A) Self-hosted: a concrete template (Linux node)

A lean baseline that still catches the bulk of LLM-related CVEs; swap vLLM for Triton if that’s your stack.

- canonical, ubuntu_linux, 22.04
- docker, docker, 24.0.7
- nvidia, gpu_display_driver, 550.90.07
- nvidia, cuda, 12.4.0
- vllm, vllm, 0.9.0
- pytorch, pytorch, 2.4.1
- huggingface, transformers, 4.46.0
- nginx, nginx, 1.24.0

Tip: If you run RAG, add your vector DB (e.g., postgresql, postgresql, … or milvus, milvus, …) separately.
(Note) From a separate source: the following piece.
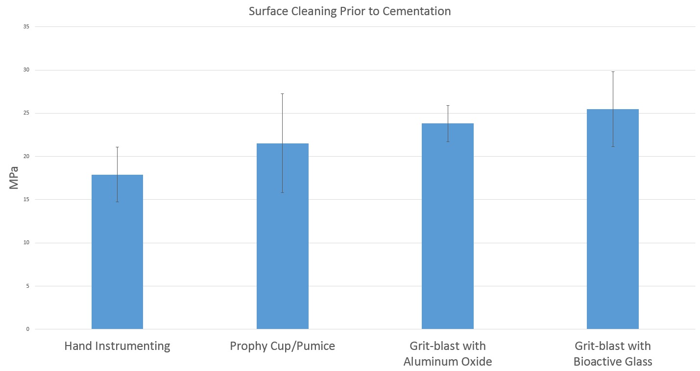 Objectives: Clinicians are often challenged to remove “temporary” cement prior to cementing a final restoration. This project measured the shear bond strength of a self-etching resin cement to dentin after the tooth surface was “cleaned” of temporary cement by four methods. Methods: 40 non-carious extracted human molars were randomly assigned to four groups. The teeth were de-coronated to provide a flat dentin surface. Teeth were embedded in acrylic and wet-polished through 600-grit with abrasive papers. Teeth had Temp-Bond NE cement (Kerr, Orange, CA) applied to the surface and cured. Samples were allowed to rest for 24 hours (37C & 100% humidity) and had the cement removed by one of four methods: 1) hand-instrumenting; 2) pumice/prophy cup (Preppies, WhipMix, Louisville, Kentucky) using a low-speed handpiece (2,000rpm); 3) air abrasion with aluminum oxide particles (Danville Materials, San Ramon, CA) (27um); and 4) air abrasion with bioactive glass (BAG) particles. Both air abrasions were performed with a Danville microetcher at 60 psi. BAG particles (65 mol%SiO2, 31mol%CaO, 4mol% P2O5) were synthesized in our laboratory, ground and micronized to obtain particles < 17 um. After cleaning, samples were rinsed with water and air dried. Samples were placed into an Ultradent jig (Ultradent, South Jordan, UT) and RelyX™ Unicem 2 Self-Adhesive Resin Cement (3M ESPE, Minneapolis, MN) was added to the dentin surface to produce 2mm-high posts. Samples were self-cured for 2 minutes and light cured for 20 seconds. Posts underwent shear bond-strength testing with an Electropuls E-3000 (Instron, Norwood, MA) using a crosshead speed of 0.5mm/min. Data were compared using ANOVA (with post-hoc Tukey) with α=0.05. Results: Hand cleaning produced significantly lower bond strength compared to air abrasion with either material. All other comparisons were statistically equivalent. Conclusions: For highest bond strength and durability when cementing indirect ceramic restorations, grit blast removal of temporary cement is recommended.

B) SaaS LLMs (Anthropic, DeepSeek, OpenAI, etc.)

Model two things: a service placeholder (documents usage; CVEs rarely match there) and the SDK/client library (CVEs may match here).

- anthropic, claude_api_service, 2025-09 | anthropic, anthropic_python_sdk, 0.34.0
- deepseek, deepseek_api_service, 2025-09 | (SDK if used)
- openai, openai_python_sdk, 1.50.0

Rationale: hosted model services seldom get CVEs in NVD, but their SDKs (and your surrounding stack) do. Recording the SDKs ensures threats surface.

C) RAG & file handling components worth tracking

RAG pipelines introduce parsers and tokenizers that process untrusted data; if it’s imported and touches untrusted input, model it.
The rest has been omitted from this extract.